2025 Victorian romance. Euphemia Flite is an orphan brought up in a
very special charity school, and forged as a weapon to take down a
particular powerful man. But she will find more goals than that for
her life…
As usual with Matthews, there's solid research behind the
lightweight story—specifically in this case the last days of the St
Giles rookery and the attempts to pass a Married Women's Property Act.
Lord Compton, Effie's target, is known to oppose such an Act… but he
is also Gabriel Royce's blackmail victim, so Effie's mission to ruin
his reputation for probity clashes with Royce's need to keep the man
powerful and supporting his own efforts to get conditions improved in
St Giles, rather than merely smashing it flat and putting up expensive
new houses on the rubble.
Which is a lot more social awareness than many romances aspire to, and
I have to say that Matthews carries it off well: neither of these
people is going to get exactly what they want, and big reforms don't
happen just because one person wants it really hard.

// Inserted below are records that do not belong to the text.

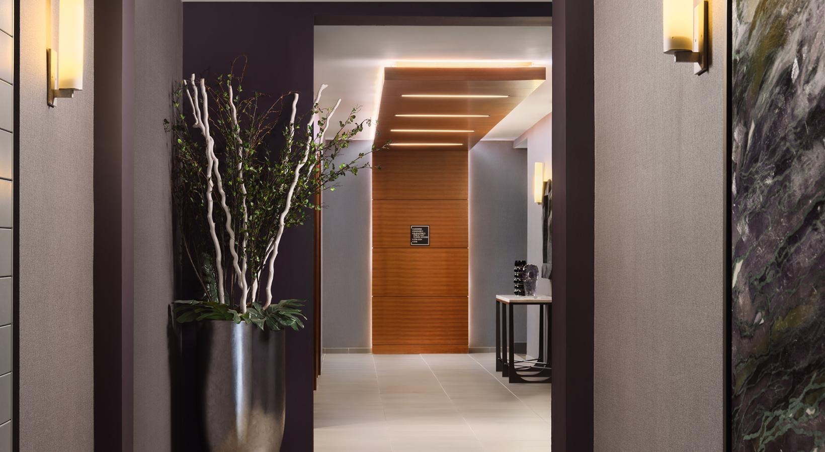 • a hallway with a vase of flowers
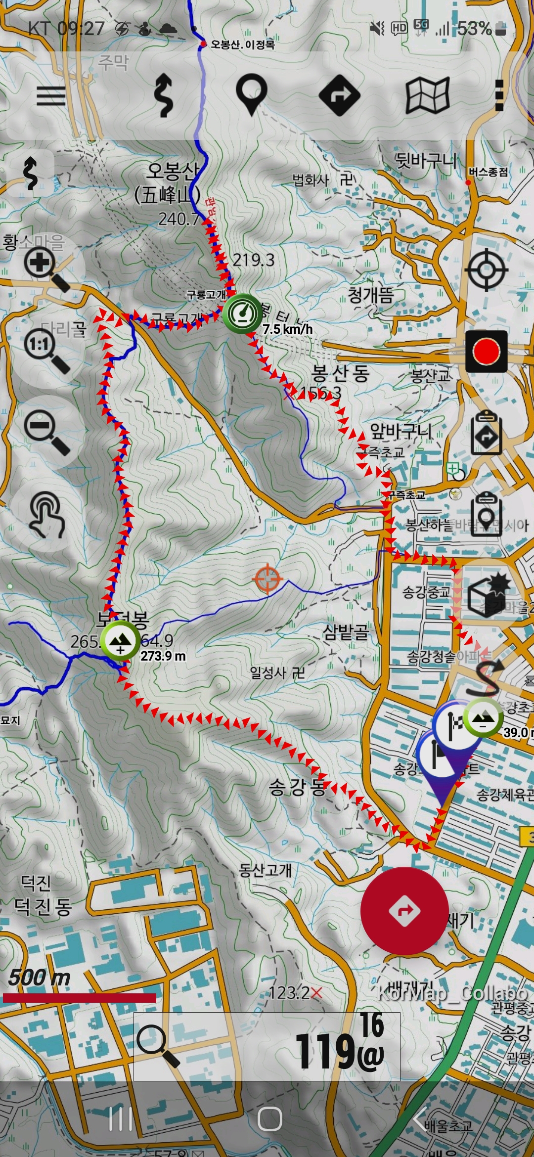 5월의 넷째 토욜(5/24) 오전 07시 24분 대전 유성구 송강동 한마을아파트를 출발해서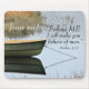 O Mousepad tem um barco na água com a Bíblia Verse Matthew 4:19, "Siga-me e farei de vocês pescadores de homens."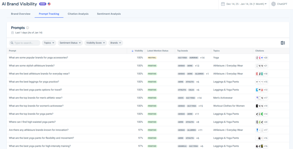 - Tìm hiểu “Tại sao” bằng Phân tích Trích dẫn (Citation Analysis): Tôi dùng công cụ này để xem chính xác những nguồn nào đang định hình các câu trả lời của AI trong ngành của tôi.

Royce is also not a gentleman, but thanks to his blackmail he is at
least accepted in society (this seems to stretch things a little but
Matthews at least makes it seem plausible). Naturally, they fall for
each other, but they both have important things to do for which other
people are depending on them, and which may (shockingly for a romance)
be more important than falling in love… that's a pleasing tension, and
well resolved.
Not at all a run-of-the-mill romance, then; not even standard for
Matthews, who continues to avoid repeating her effects.